Current MAS strategies fit the breeding programs for the traits that are highly heritable and governed by a single gene or one major QTL that explains a large portion of the phenotypic variability. In reality, most of the agronomic traits such as yield, drought and heat tolerance, nitrogen and water use efficiency, and fiber quality in cotton have complex inheritance that is controlled by multiple QTL with minor effect. Use of one of those minor QTL in MAS will be inefficient because of its negligible effect on phenotype.

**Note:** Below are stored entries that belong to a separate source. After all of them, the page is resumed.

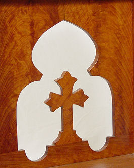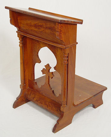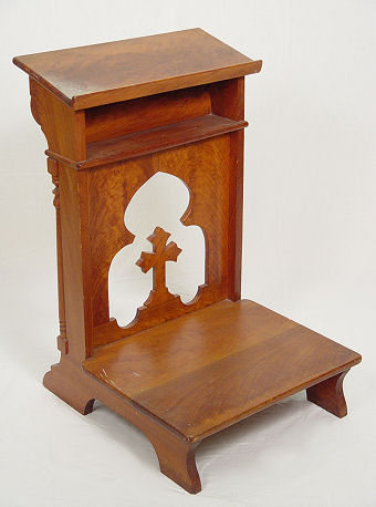 CROTCH GRAIN MAHOGANY PREI DIEU KNEELER: Wonderful highly figured grain, ornate cross carved into the frame, solid wood construction, 33''h., 22''w., approx. 23''d. overall.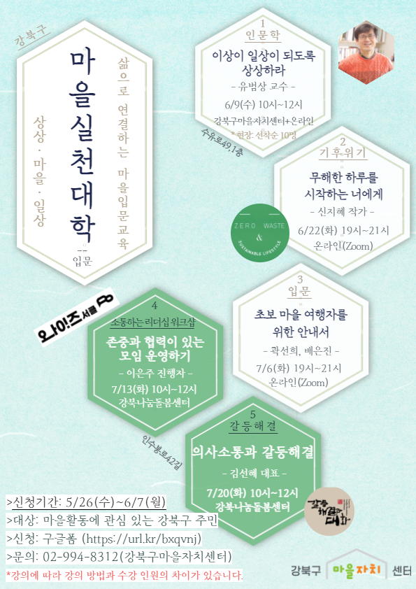 6/9(수) 10시~12시 강북구마을자치센터+온라인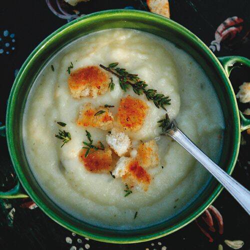 - Serveer de soep met een flinke schep zachte geitenkaas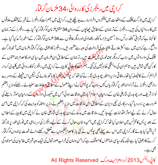 Karachi Me Ranjers Ki Karwaye 34 Mulzman Griftar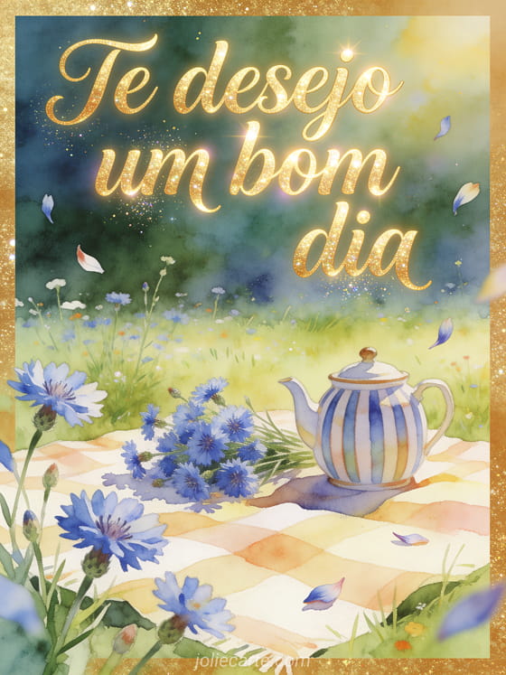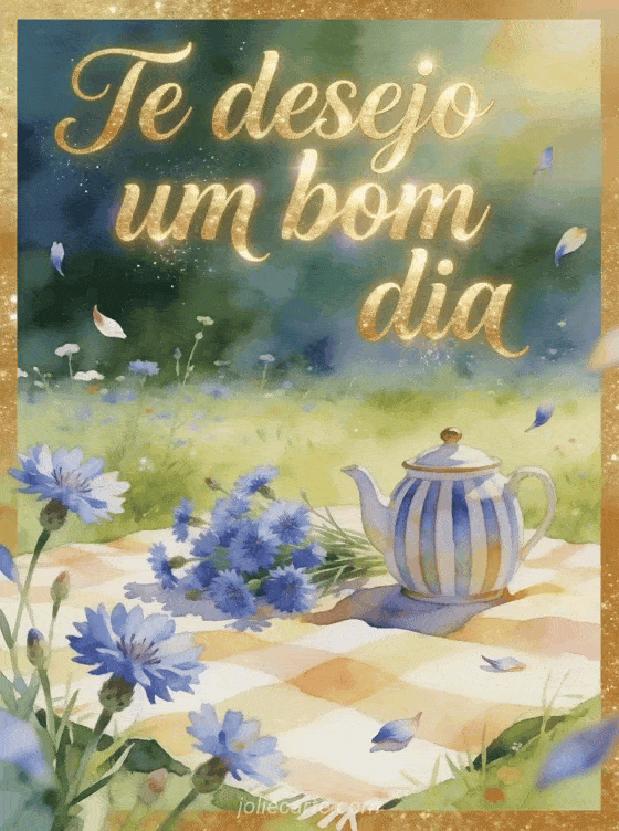Compartilhe gifs de bom dia com letras douradas elegantes, uma cena de piquenique na campina, flores de centáurea e um bule listrado na luz da manhã. Você também pode enviar bom dia chuvoso gif, um cartão de bom dia chuvoso ou beijinhos gif bom dia beijinhos te amo.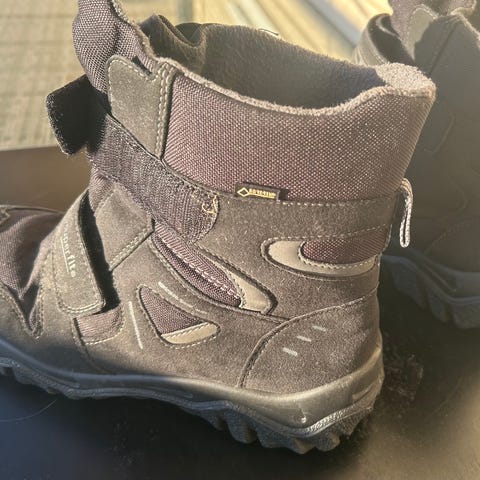Superfit Vinterstøvler for barn, unisex, størrelse 40. Støvlene har svart ytterside med blå detaljer og er utstyrt med borrelåsfester for enkel justering. Egnet for kalde værforhold.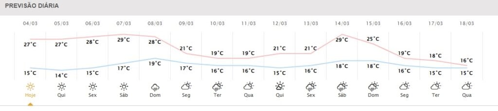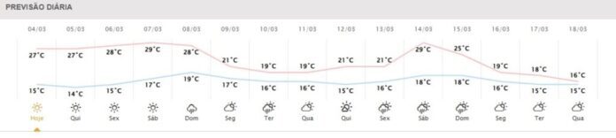 O sábado em Curitiba pode ter muito calor, e termômetros em 30°C. No domingo chove, mas ainda faz calor de tarde. Ao longo da próxima semana Curitiba deve ter dias mais amenos.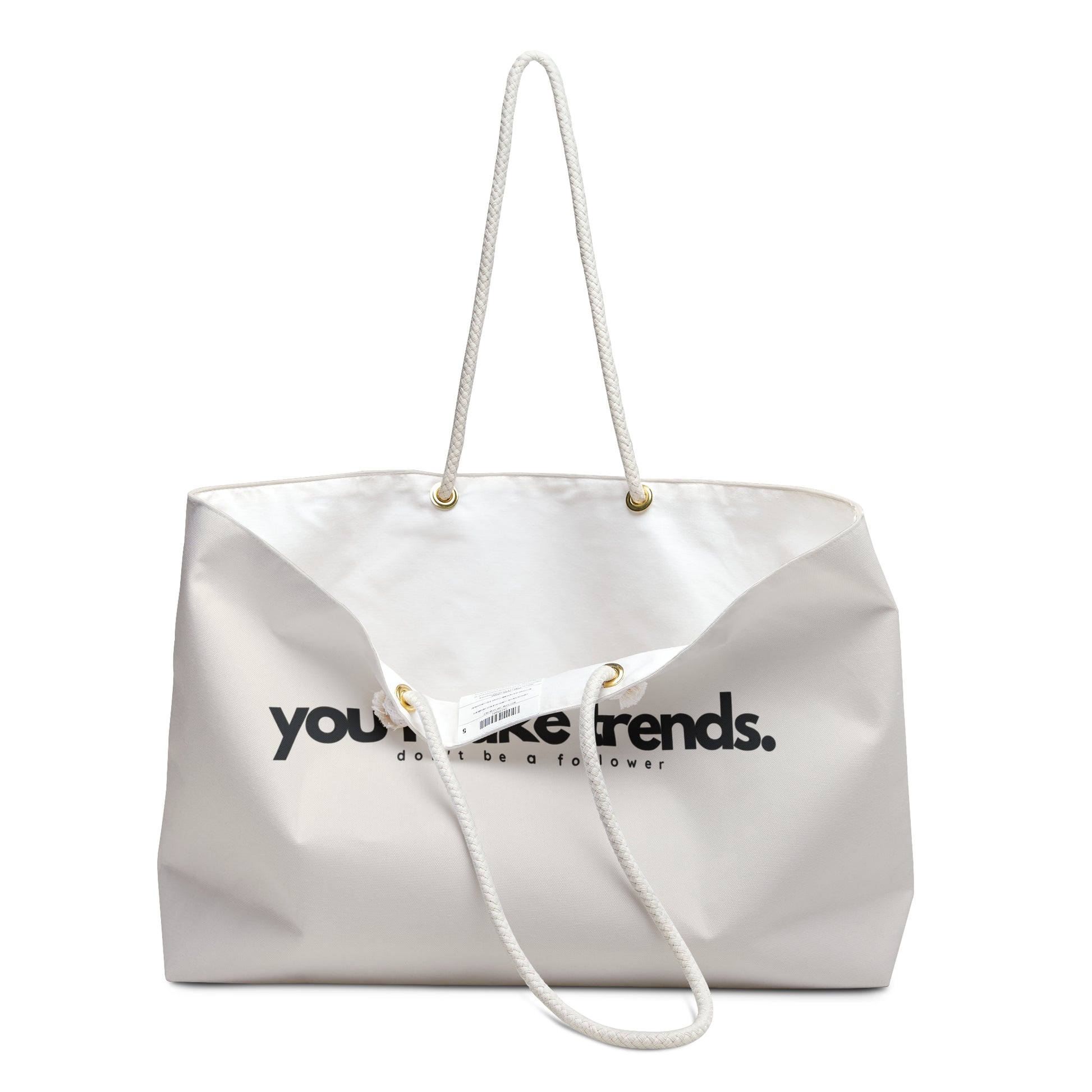 Our oversized Weekender Tote is perfect for your weekend at the beach or in town. The wide-mouthed, durable bag holds a generous amount of personal items and is easily held by its thick rope handles.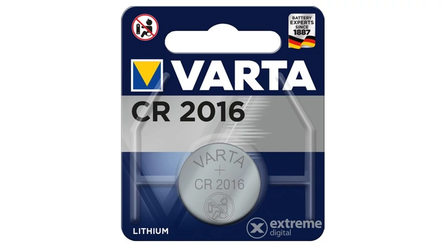 Típus - CR 2016 Feszültség (V) - 3 Rendszer - Lithium Gomb (Li/MnO2) Kapacitás (mAh) - 90 Magasság (mm) - 1.6 Átmérő (mm) - 20.0
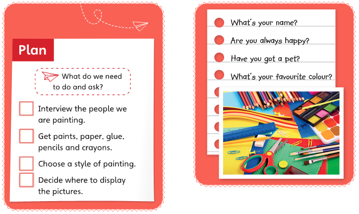 7 Make your own picture dictionary. Draw happy, sad and funny faces and write.
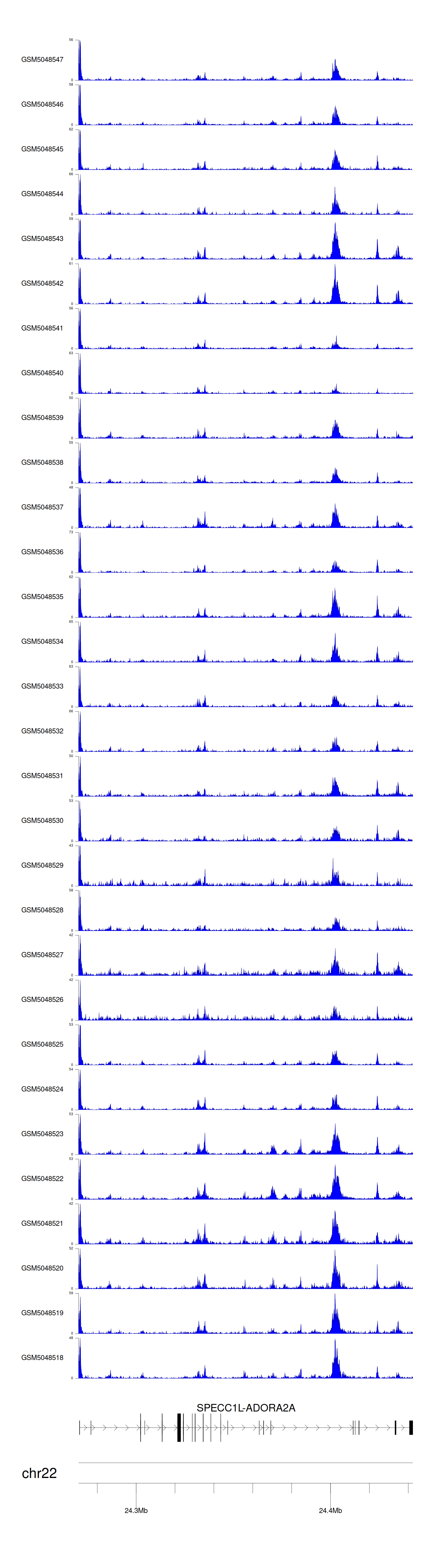 > Dataset: GSE220859 - SPECC1L-ADORA2A peak across samples

The MAS scheme using paternity testing has recently been proposed to address challenges associated with selection gains that can be achieved in outbred forage crops [111]. Paternity testing, a nonlinkage-based MAS scheme, improves selection gains by increasing parental control in the selection gain equation. The authors demonstrated paternity testing MAS in three red clover breeding populations by using permutation-based truncation selection for a biomass-persistence index trait and achieved paternity-based selection gains that were greater than double the selection gains based on maternity alone. The paternity was determined by using a small set (11) of SSR markers. SNP markers can also be used for paternity testing, but one would require a relatively larger number of SNP loci [112].
Meuwissen et al. [113] described a new methodology in plant breeding called genomic selection (GS) that was intended to solve problems related to MAS of complex traits. This methodology also applies molecular markers but in a different fashion in both diploid and polyploid crop species. Unlike MAS, in GS markers are not used for tracking a trait. In GS high-density marker coverage is needed to potentially have all QTL in LD with at least one marker. Then the comprehensive information on all possible loci, haplotypes, and marker effects across the entire genome is used to calculate genomic estimated breeding value (GEBV) of a particular line in the breeding population.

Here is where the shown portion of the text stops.